* WHAT TO PRODUCE *
From the entries below, print exactly the span beginning with the line holding "Mit dem Kühlschrankumbauschrank" and ending with the line holding "- 【金富士】値下げ中 明治時代", endpoints included, and skip any pictures.

* DATA UNDER STUDY *
----
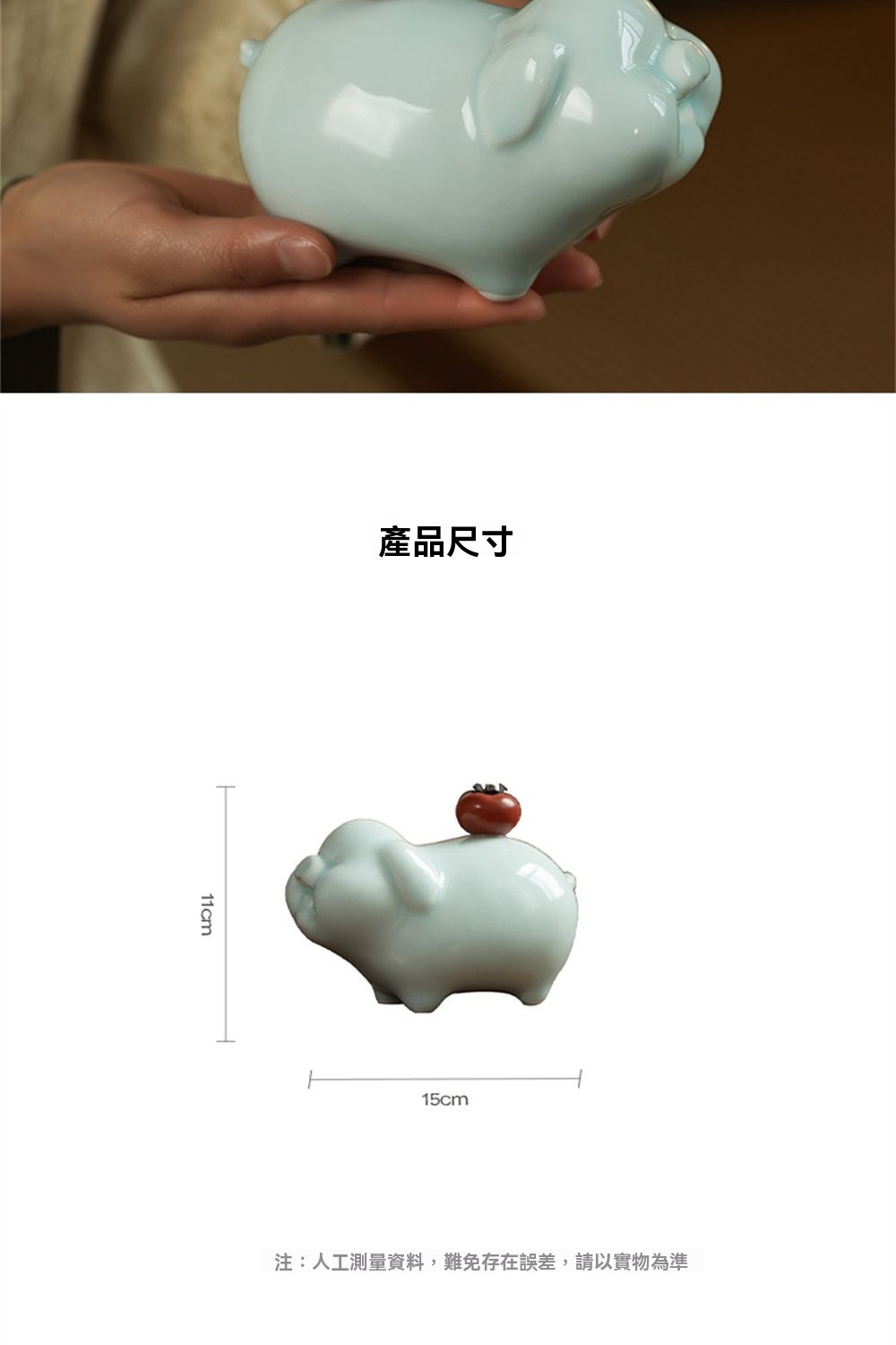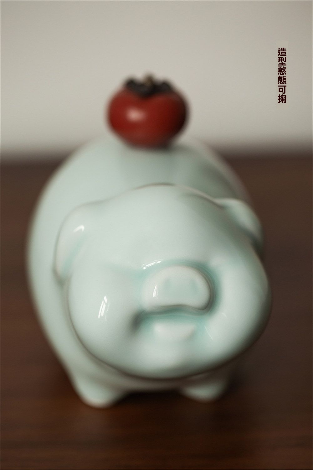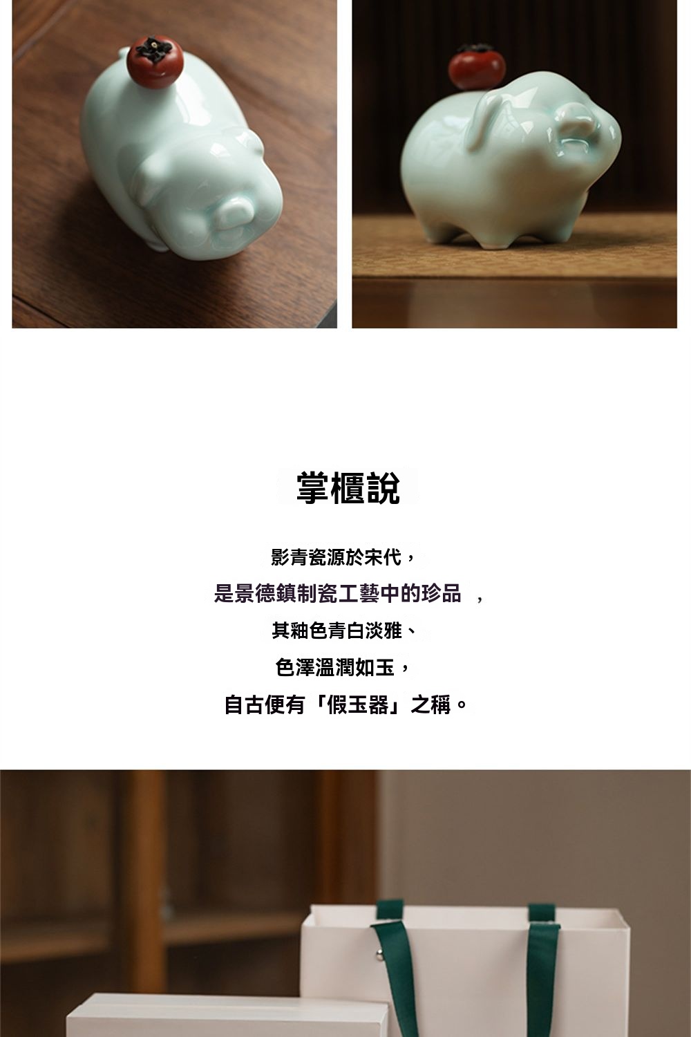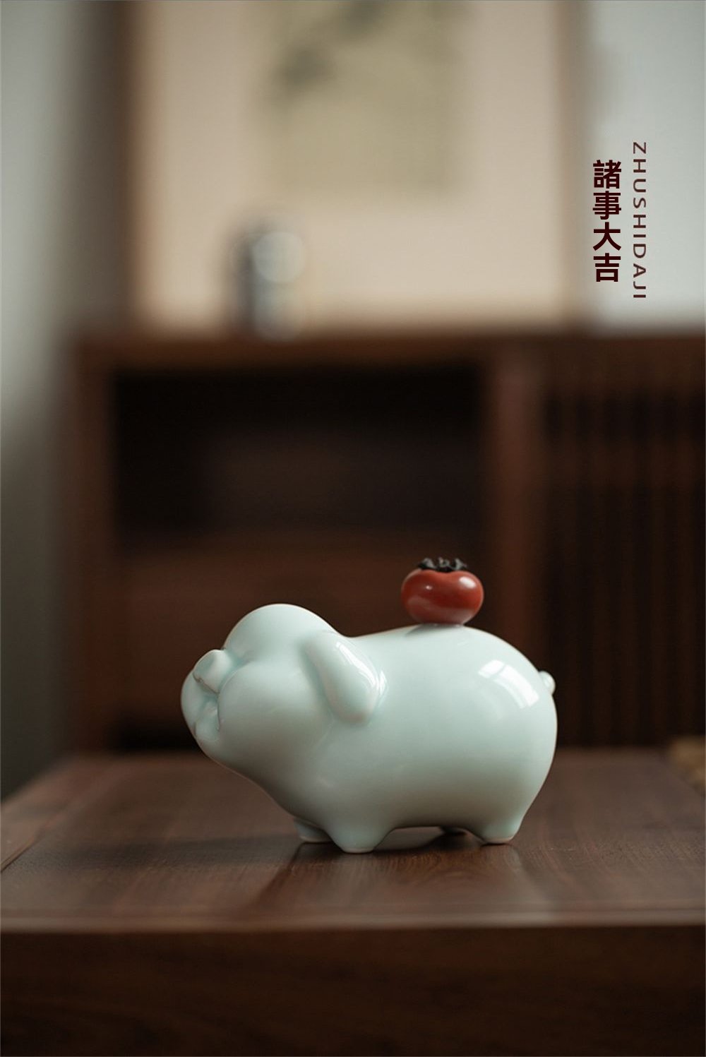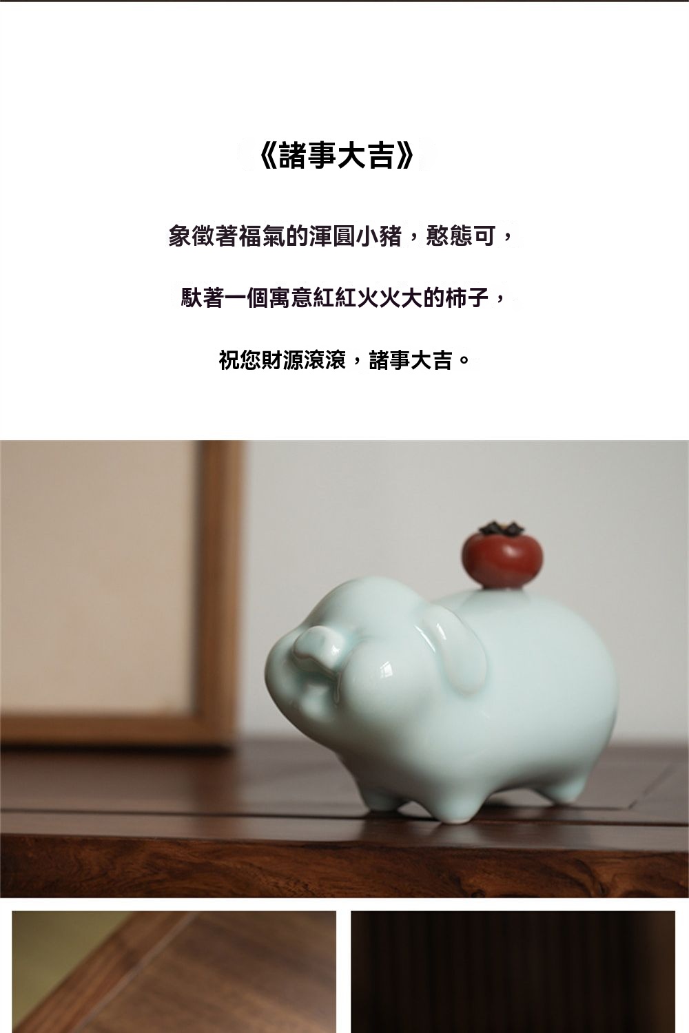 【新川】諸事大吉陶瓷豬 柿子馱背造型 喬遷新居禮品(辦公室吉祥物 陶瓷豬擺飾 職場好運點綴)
----
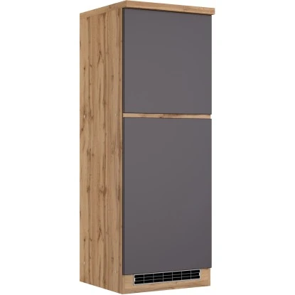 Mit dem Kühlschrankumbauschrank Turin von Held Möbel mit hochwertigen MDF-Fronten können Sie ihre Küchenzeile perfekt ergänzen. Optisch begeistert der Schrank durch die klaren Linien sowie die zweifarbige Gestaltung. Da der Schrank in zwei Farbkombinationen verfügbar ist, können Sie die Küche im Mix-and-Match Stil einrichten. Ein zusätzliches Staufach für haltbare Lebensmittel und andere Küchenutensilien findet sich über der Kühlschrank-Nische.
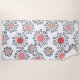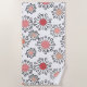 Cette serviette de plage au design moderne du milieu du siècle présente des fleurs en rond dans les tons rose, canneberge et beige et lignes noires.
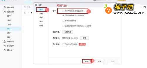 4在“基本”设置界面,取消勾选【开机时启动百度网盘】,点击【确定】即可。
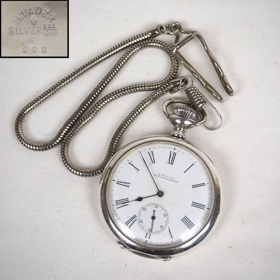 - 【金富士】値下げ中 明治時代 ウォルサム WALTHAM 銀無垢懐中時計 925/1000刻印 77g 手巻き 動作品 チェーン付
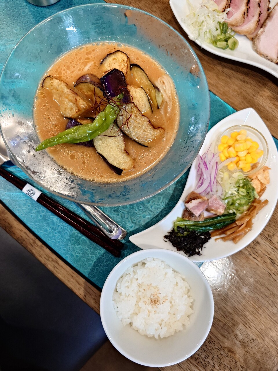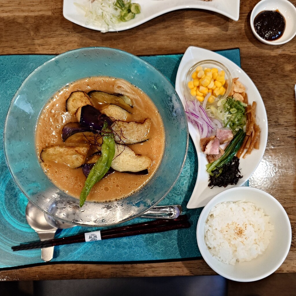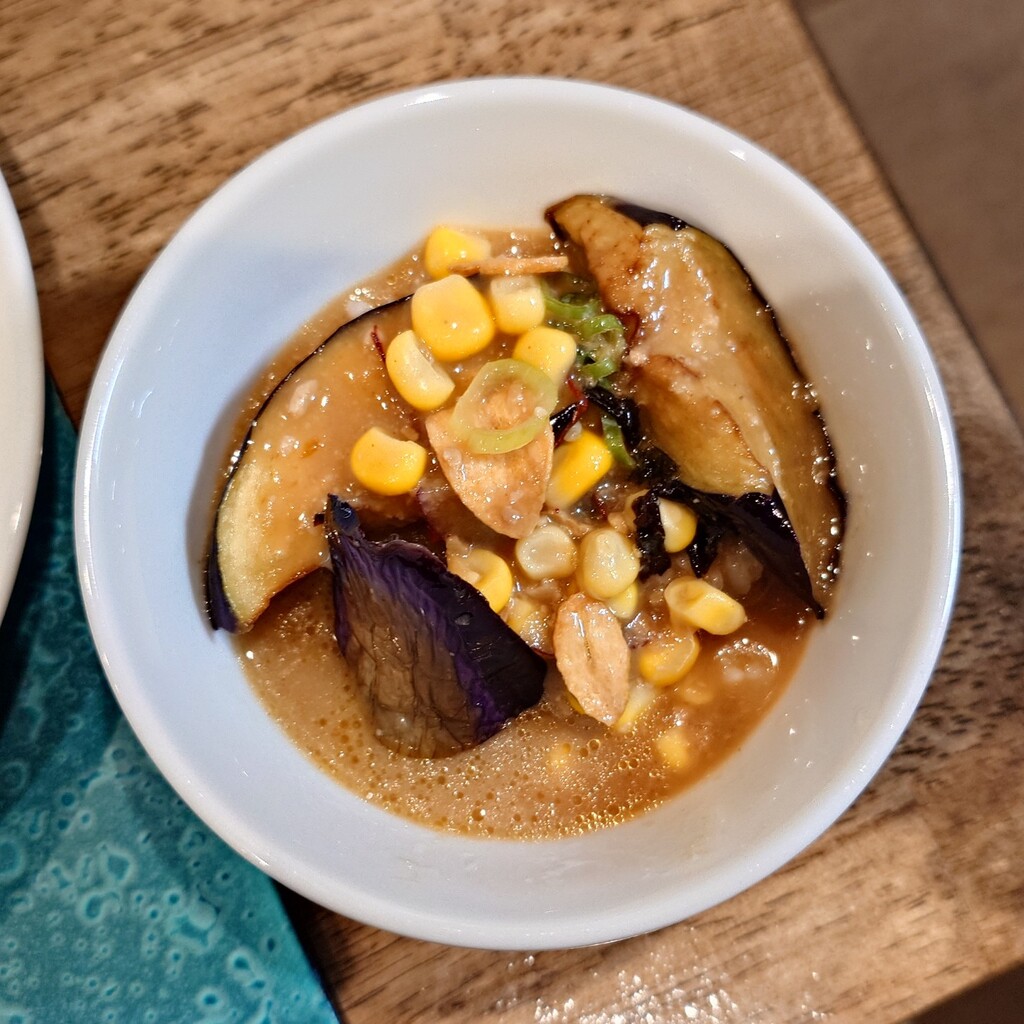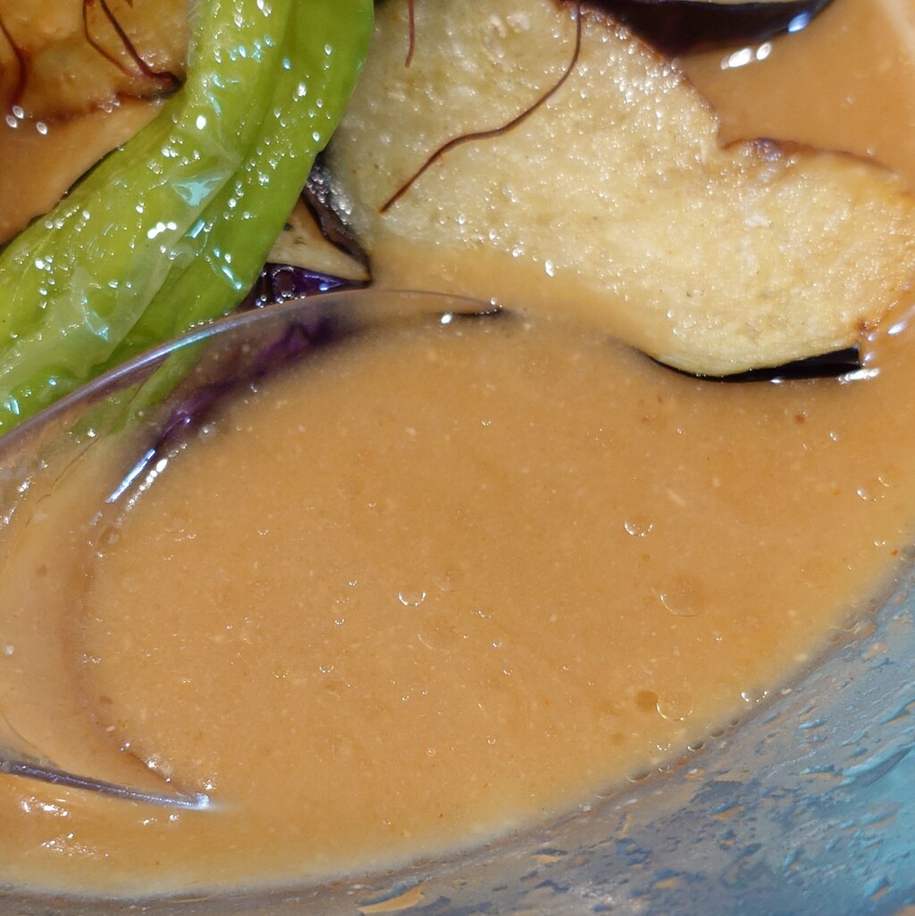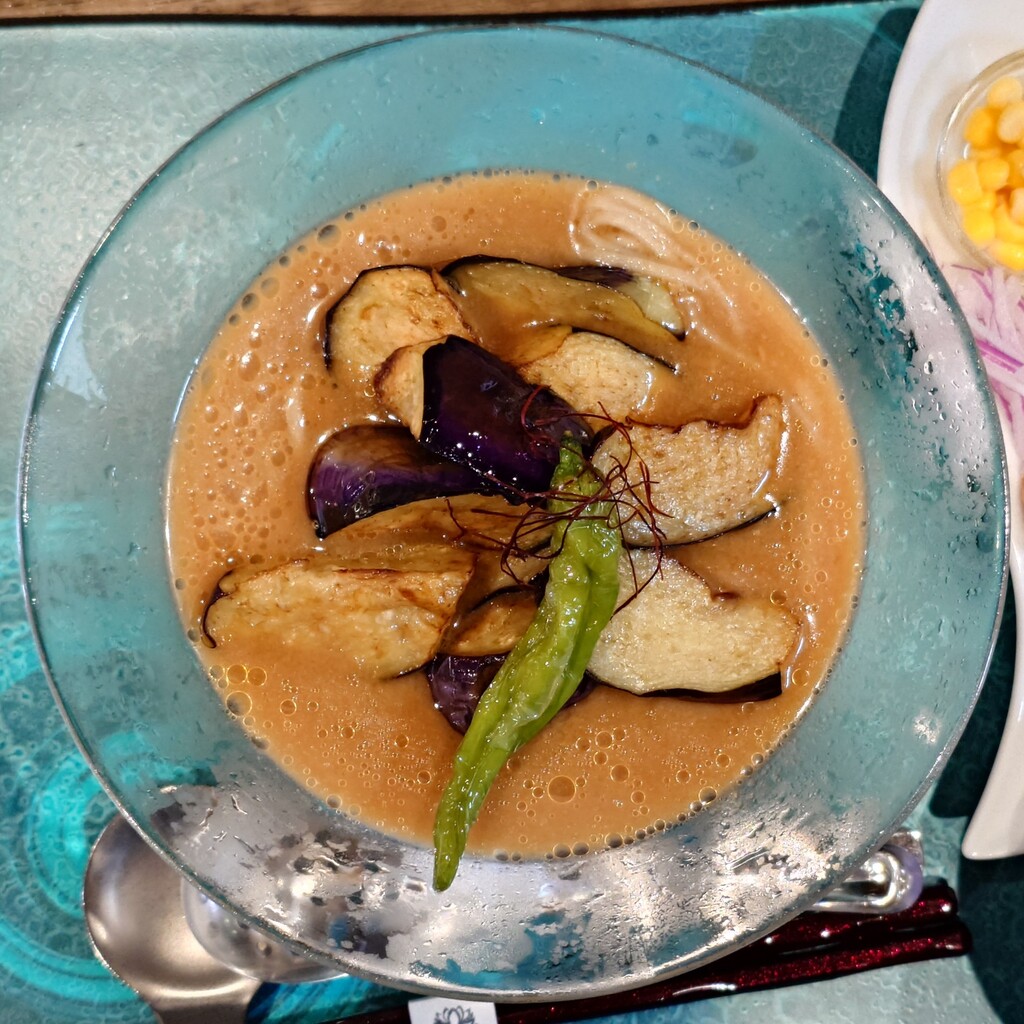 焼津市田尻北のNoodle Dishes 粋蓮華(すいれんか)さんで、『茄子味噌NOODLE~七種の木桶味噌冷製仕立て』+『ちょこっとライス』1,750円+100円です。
----
* TASK SOLUTION *
 Mit dem Kühlschrankumbauschrank Turin von Held Möbel mit hochwertigen MDF-Fronten können Sie ihre Küchenzeile perfekt ergänzen. Optisch begeistert der Schrank durch die klaren Linien sowie die zweifarbige Gestaltung. Da der Schrank in zwei Farbkombinationen verfügbar ist, können Sie die Küche im Mix-and-Match Stil einrichten. Ein zusätzliches Staufach für haltbare Lebensmittel und andere Küchenutensilien findet sich über der Kühlschrank-Nische.
 Cette serviette de plage au design moderne du milieu du siècle présente des fleurs en rond dans les tons rose, canneberge et beige et lignes noires.
 4在“基本”设置界面,取消勾选【开机时启动百度网盘】,点击【确定】即可。
 - 【金富士】値下げ中 明治時代 ウォルサム WALTHAM 銀無垢懐中時計 925/1000刻印 77g 手巻き 動作品 チェーン付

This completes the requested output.